Factory work exhausts the nervous system to the uttermost; at the same time, it does away with the many-sided play of the muscles, and confiscates every atom of freedom, both in bodily and in intellectual activity. Even the lightening of the labour becomes an instrument of torture, since the machine does not free the worker from the work, but rather deprives the work itself of all content. Every kind of capitalist production, in so far as it is not only a labour process but also capital’s process of valorization, has this in common, but it is not the worker who employs the conditions of his work, but rather the reverse, the conditions of work employ the worker. However it is only with the coming of machinery that this inversion first acquires a technical and palpable reality.

Marx (1990), p. 548

It’s not hard to imagine Marx talking about the work we do on the web as we answer CAPTCHAs, like and retweet posts in social media, and microworkers labor in their browsers. It’s also not difficult to imagine Foucault saying something very similar when expounding on his idea of biopower. Marx and Foucault seem to have a lot more in common than people generally seem to admit. Perhaps the political projects that arose around them were quite different, especially in time, but meanwhile their thought aligns quite nicely in places.

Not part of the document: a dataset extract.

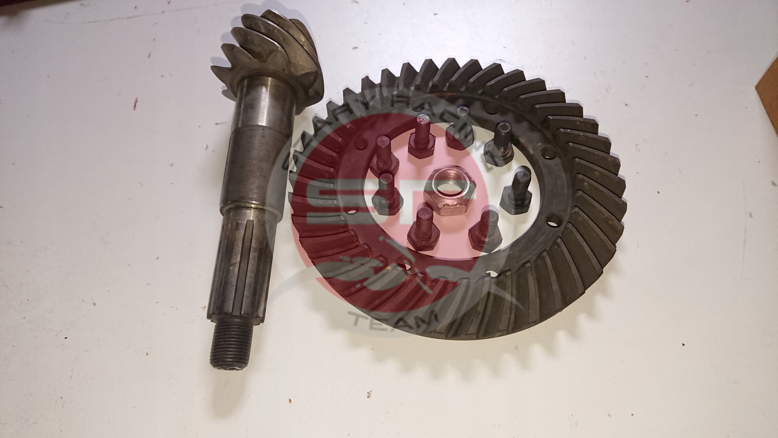 Willys MB Jeep M38 Ford GPW Oryginalny nowy zestaw przełożenia mostu napędowego SPICER USA . 39/8. Produkcja lata 40-te , 50-te. Zestaw zawiera wałek atakujący, koło talerzowe, śruby mocujące koło do kosza satelitów, nakrętka wałka atakującego.

Yes, I’m still working my way through Capital and listening to David Harvey’s online lectures as a podcast on my commute. It is slow going, but it has been fun to slowly work through it at my own pace and not for a class or some directed purpose for my own research. But there are actually quite a few points of intersection, and it’s fun to run across them when Marx is writing in such a different time and place–which I guess is not so different after all. The scope of his project is truly remarkable.

Marx, K. (1990). Capital: A critigue of political economy (Vol. 1). London: Penguin.